Air
The “Air” has a lively feel because of the man in the middle, Sonny Vaccaro who is hustling to make his biggest deal.
We already know how this ends, don’t we? We know going in that former Nike executive Sonny Vaccaro accomplished his dream. Michael Jordan became a star, maybe the greatest basketball player ever. The Air Jordans the shoes that give this film its name became the most famous and coveted sneakers of all time.
So how do you tell a story when your audience knows the ending? That’s where Ben Affleck’s deceptive genius comes in as a director. His fifth feature behind the camera follows in the tradition of his previous movies “Gone Baby Gone,” “The Town,” “Argo” (which won him an Oscar for best picture) and “Live By Night”, he makes solid, mid-budget adult films that are all too rare these days. Affleck puts an emphasis on strong writing, seasoned performers and venerable craftsmen behind the scenes. His choice of cinematographer, longtime Martin Scorsese and Quentin Tarantino collaborator Robert Richardson, is one example of this.
With “Air,” it all adds up to an incredibly fun package one that’s old-fashioned but also vibrant and satisfyingly new.
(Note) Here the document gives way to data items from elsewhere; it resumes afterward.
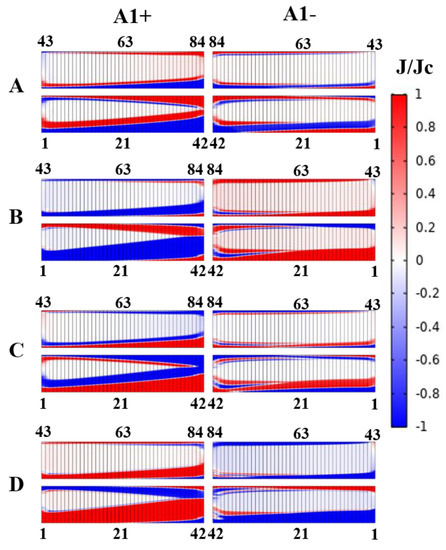 Figure 8 shows the normalized current density distribution of the HTS tapes. The normalized current density distribution is similar to the perpendicular magnetic field distribution. The critical current degradation is more severe in each turn of the lower coil due to the greater perpendicular magnetic field, so the current penetration into the interior of the HTS tapes is more severe, making the AC loss greater than the upper coil. Turn 42 in the lower coil suffers the maximum surface perpendicular magnetic field and has the minimum critical current because it is nearest to the iron teeth, which attracts the flux lines. Its current penetration is also the most severe and it has the greatest AC loss value.
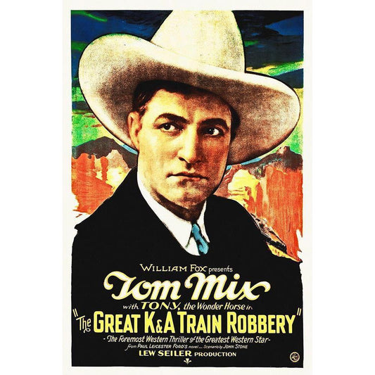 Tom Mix, The Great Train Robbery Black Modern Wood Framed Art Print by Hollywood Photo Archive
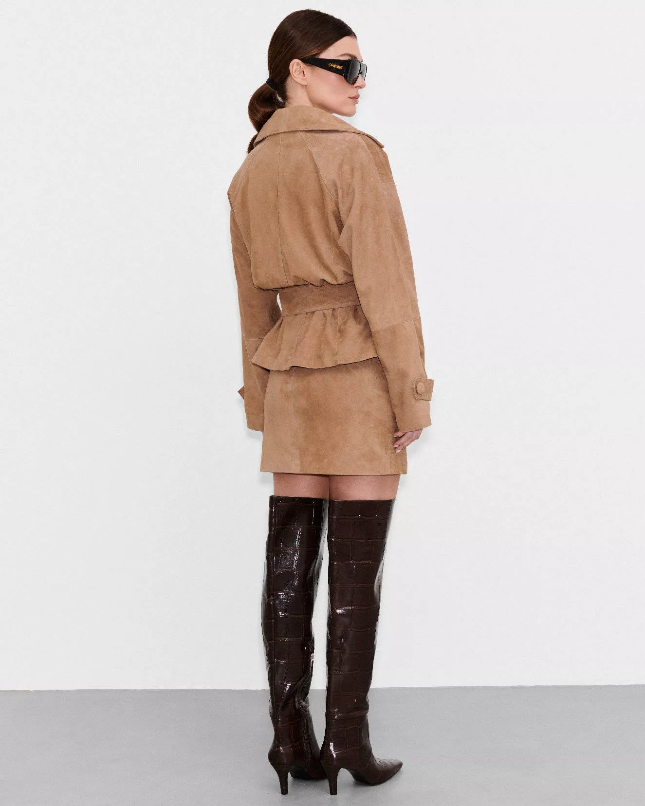 Podkreśl swoją sylwetkę i dodaj stylizacji nuty luksusu dzięki zamszowej spódnicy mini w eleganckim odcieniu tobacco. To wyjątkowy model, który łączy minimalistyczną formę z kobiecymi detalami, tworząc ponadczasową bazę do wielu stylizacji.
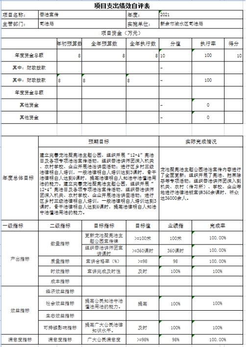 組織對“普法宣傳”這個項(xiàng)目開展了部門評價,涉及一般公共預(yù)算支出8萬元,政府性基金預(yù)算支出0萬元,國有資本預(yù)算支出0萬元。從評價情況來看,項(xiàng)目全年預(yù)算數(shù)為8萬元,執(zhí)行數(shù)為8萬元,完成預(yù)算的100%。
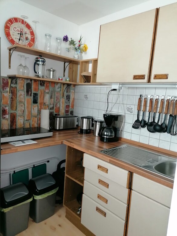 Sie wohnen gemütlich und authentisch auf 24qm in unserem "Bauernstüble". Im Wohnraum befindet sich eine Essecke, ein Kleiderschrank, Sofa und Satelliten-TV. Über eine Treppenleiter gelangen Sie in den Schlafbereich mit einer 140x200cm Matratze. Angrenzend zum Eingangsbereich befindet sich eine kleine aber vollwertig ausgestattete Küche. Ein modernes Badezimmer mit Fußbodenheizung und Tageslicht rundet die Wohnung ab. Eine Waschmaschine + Trockner kann für 4€ pro Waschladung mitbenutzt werden.
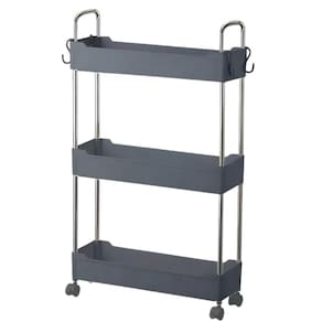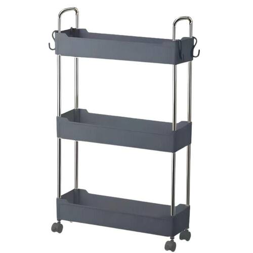 Organize seus ambientes com a Estante Organizadora Móvel de 3 andares na cor cinza, perfeita para cozinhas, banheiros, lavanderias e escritórios.
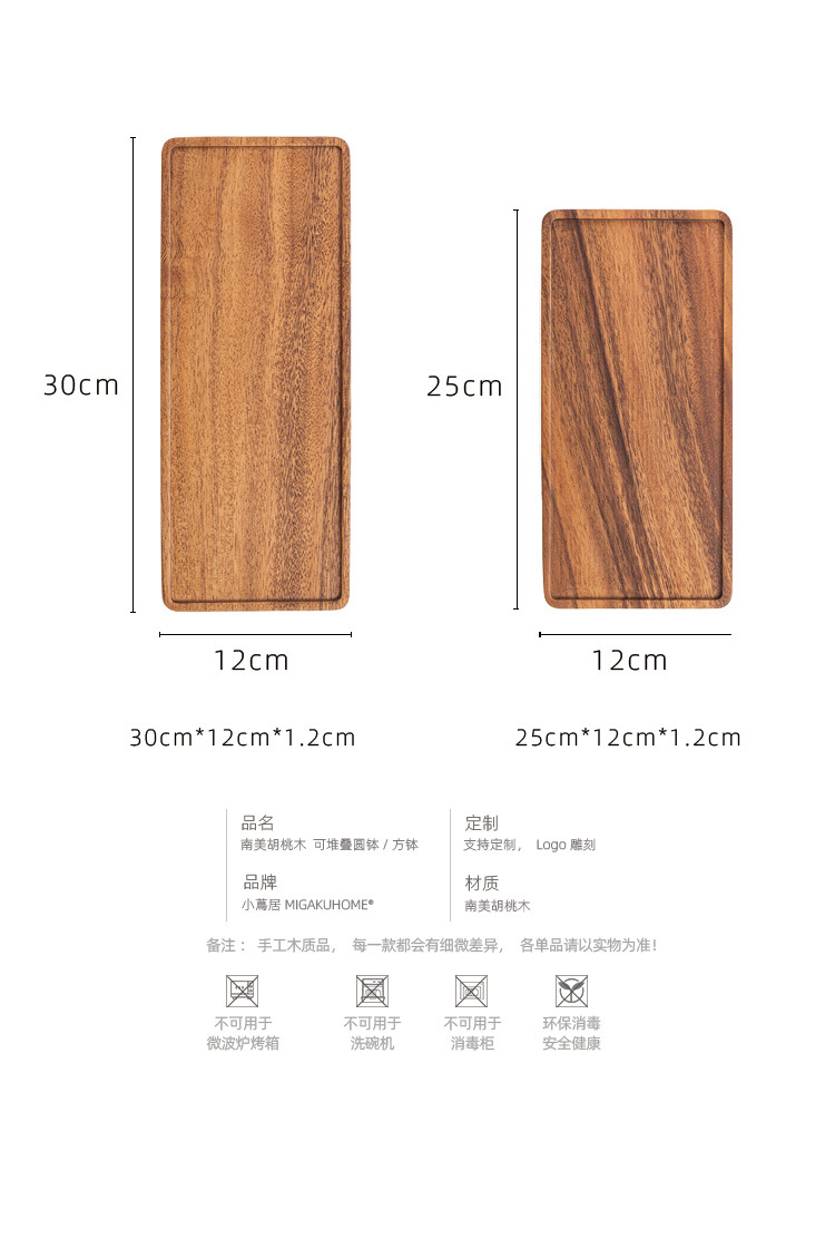 국경 간 남미 호두 나무 접시 커피 컵 트레이 직사각형 단단한 나무 트레이 건조 거품 테이블 일본 차 트레이

Affleck works from a sharp and snappy script by Alex Convery about how Nike landed Jordan by creating not just a shoe for him but one of him. His soon-to-be iconic persona represented in footwear form that made us all feel like we could fly so high, too. This may sound like it’s a two-hour sneaker commercial for “Air Jordans.” It is not that at all. If you love movies about process, about people who are good at their jobs, then you’ll be absorbed by all the moments spent inside offices, conference rooms and production labs here.
It’s what happens within those mundane spaces that makes “Air” such a pleasure, starting with the reunion of Affleck and Matt Damon. It’s so much fun to watch these lifelong best friends, frequent co-stars and co-writers bouncing off each other again, needling and prodding each other, more than a quarter-century after “Good Will Hunting.” Damon stars as Vaccaro, the Nike recruiting guru who saw the North Carolina kid as a once in a lifetime player and wouldn’t take no for an answer, he kept him from going to Converse or Adidas or any of those cooler brands. Affleck is Nike co-founder and former CEO Phil Knight, who’s part Zen master and part corporate shark. He pads around the office barefoot but drives a Porsche that he insists isn’t purple it’s grape. Vaccaro is his friend and fellow soldier from the company’s earliest days; he’s the only one who can give Knight some truth, and both the warmth and tension of that relationship come through.
The year is 1984 (oh boy, it sure is but more on that in a minute), and Nike’s basketball division is an afterthought within the Oregon based running shoe company. Nike itself is an also-ran among its competitors. Vaccaro knows Jordan can change all that (“Air” consists mainly of him telling everyone around him that), though character actor Matthew Maher nearly steals the movie as Nike’s idiosyncratic shoe design guru Peter Moore.
“Air” is a timeless underdog story about guts, dreams and moxie. So Vaccaro delivers a killer monologue at a key moment in hopes of closing this deal with Jordan (whom Affleck shrewdly never shows us full-on he remains an elusive idea, as he should be, but an intoxicating bit of cross cutting reveals the legacy he’ll leave over time). But Affleck very much wants to make us feel we’re in the mid-’80s. Sometimes, this comes through subtly and amusingly there’s a throwaway joke about Kurt Rambis that made me chuckle (you don’t have to know anything about basketball or this era to enjoy the film, but there are many extra pleasures if you do). More often, however, Affleck goes for nostalgia with needle drops and pop culture references practically wallpapering every scene; if this opening montage isn’t enough Cabbage Patch Kids! Hulk Hogan! The “Where’s the Beef?” ad! President Reagan! Princess Diana! he throws in a Rubik’s Cube or a stack of Trivial Pursuit cards as a transitional device. And ‘80s hits provide such wall to wall accompaniment that they become distracting from Violent Femmes and Dire Straits to Cyndi Lauper and Chaka Khan to Night Ranger’s “Sister Christian” playing while Knight simply pulls into the Nike parking lot.
But that’s a minor quibble about a movie that otherwise is as smooth and steady as one of Jordan’s buzzer beating, fadeaway jumpers in the late ’90s.